Here in Central Wisconsin, wild rice does show up around lakes and rivers and with the assistance of a canoe, and some good advice, or better yet an experienced guide in the form of an old friend, who interestingly passed through our Colorado home some forty years ago, it is possible to harvest enough wild rice to pleasantly grace a winter meal on many a cold night.

A couple of years ago Ann and I tried gathering rice south of Amherst in the Harrisville mill pond. The place was filled with giant stalks of “wild rice” but it was, as I learned later after coming home with but a partial cup of grain, the wrong wild rice. Wild it was, but big grained, and yummy it was not. We were but fools on the local pond, the scoff of every duck that flew the airways. 
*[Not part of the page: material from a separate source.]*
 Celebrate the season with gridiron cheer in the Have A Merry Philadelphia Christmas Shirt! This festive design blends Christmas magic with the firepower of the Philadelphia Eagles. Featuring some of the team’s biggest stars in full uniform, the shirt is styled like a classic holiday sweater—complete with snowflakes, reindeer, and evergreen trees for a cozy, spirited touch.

This year, with Rollie and Crow in tow, we headed out on a most glorious day, into the rice marshes on the Wisconsin River, marshes that I cannot fully disclose due to personal security issues. Ann was our picker as the other two marsh moguls wanted little to do with our inexperience and lack of physical prowess. Oh, they liked us but we were slow. After a brief demonstration on the appropriate ways to approach the project, we
were turned loose to find our way. 

                     

The method of picking was simple enough. The idea was to take the outside picking stick and carefully bring a clump of rice over the edge of the canoe and then with a single smooth stroke of the other stick gently tap off the ripe rice. The tap could not be too hard as there was still rice that needed ripening. It was also pointed out that some rice would not fall in the boat but rather into the water where it would sink and thus plant next year’s crop. The person in the back would propel the boat through the marsh with a pole, or in our case with a paddle. It was a team effort and as I learned later while picking with Rollie, it is a time to exchange chatter and ridicule the other’s weaknesses---any and all weaknesses including personal appearances. I thought his sodden hat was too western. He consistently reminded me that my central Wisconsin double tap was crude, unaesthetic and pointless while the Rollman Smooth Stroke was one of the finest in the state. Unscathed, and filled with the day, we flowed onward.
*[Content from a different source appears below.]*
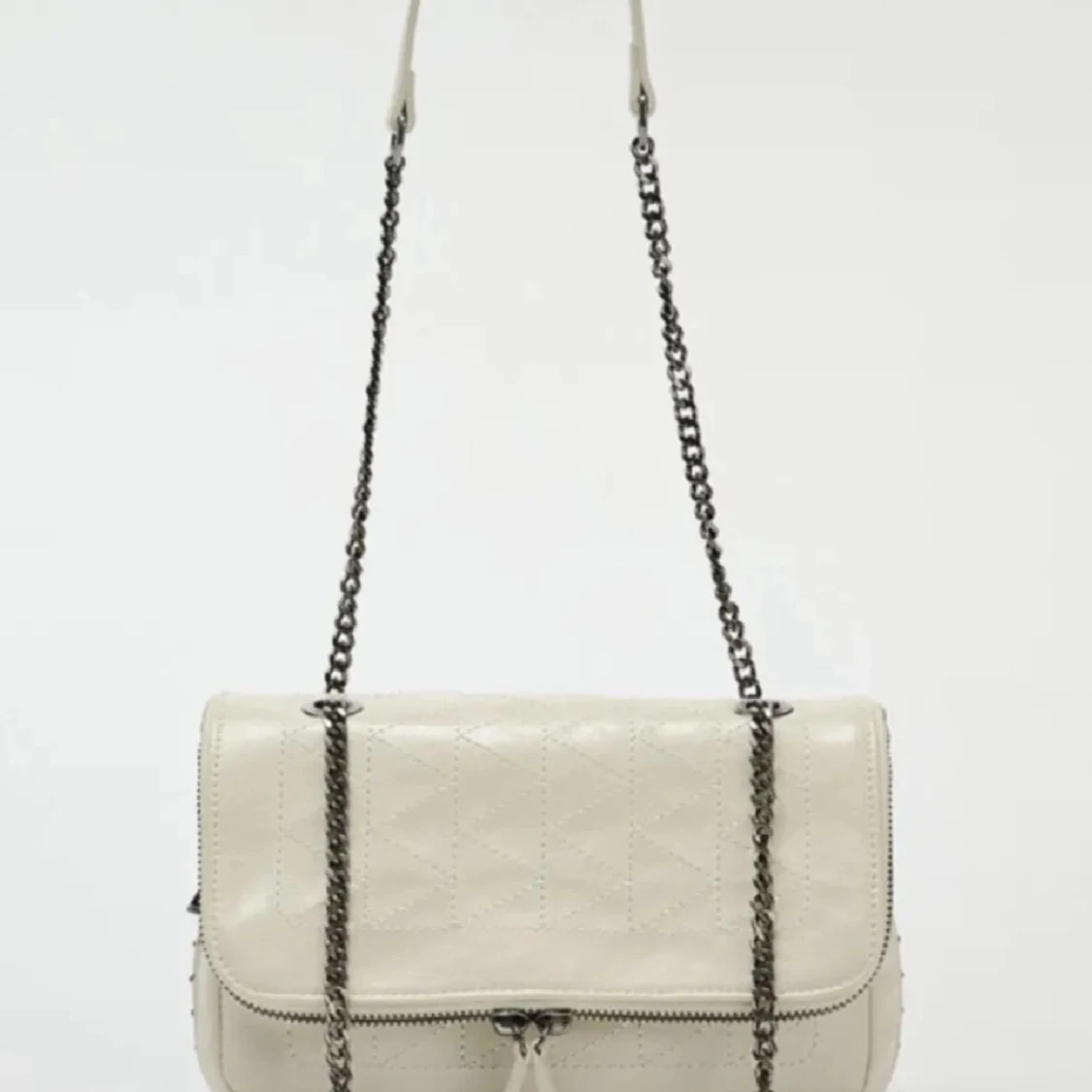 Elegant beige axelväska med quiltad design och kedjeaxelrem. Väskan har en stilren look med dragkedjedetalj framtill. Köptes förra sommaren men knappt blivit använd. Jätte fint skick, köpt på Zara.

In addition to technique, we learned of the other distractions in the marsh, one being the six pound spiders as Rollie called them. He insisted we tie up our cuffs to prevent them from running up our legs. He made a point of showing us a giant Wolf Spider in his backyard as a way of creating fear and apprehension of the coming adventure. There was also the issue of the birds, meaning the Bald Eagles, The Rice Rails, murmurations of Red-winged Blackbirds and all that waterfowl distracting us from our task, the harvest of great quantities of rice much needed to get us through another winter. It was going to be brutal out there. Yah, sunburn was another problem not to mention the changing of fall colors. 
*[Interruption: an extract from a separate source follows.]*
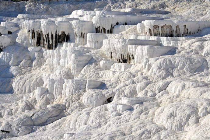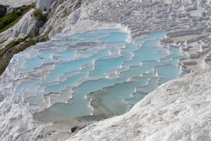 Na jihozápadě Turecka se nachází vápencové terasy, které jsou známé pod názvem Pamukkale neboli Bavlněný hrad. Terasovitá jezírka si zamiluje každý, kdo do této části země zavítá. Vyvěrají zde minerální prameny bohaté na vápník. Už více jak 14 tisíc let se vápník usazuje v podobě kaskád a vytváří kontrast v podobě zářivě bílých teras a průzračně modrých jezírek.

The work was not easy. That is the truth. The distractions were there in full force but the six pound spiders proved to be many pounds smaller but numerous and friendly. The rice came to us well even though I am sure Ann did more planting than harvesting. After four hours we had a great carpet of rice on the bottom of the canoe. We were puffed up like a couple of toads under a summer street light. At the dock, Crow and Rollie pulled in minutes after us noting they had close to one hundred pounds while we had a dribbling eighteen.

That evening we learned about the processing, the history and how what was being done here was no different than how it was done thousands of years ago in these same marshes. The indigenous peoples pushed their bark canoes through the same paths we had traveled using the same methods. As we started leaving the water’s edge Rollie removed one handful of newly harvest grain from his boat and threw it back into the water as a offering, probably a gesture that had also been done many times before by others.

The rice is wild but with much pleasure, some hard work and the struggles of watching birds and changing colors, we were, in fact, able to “get up next to  plenty of ‘em.”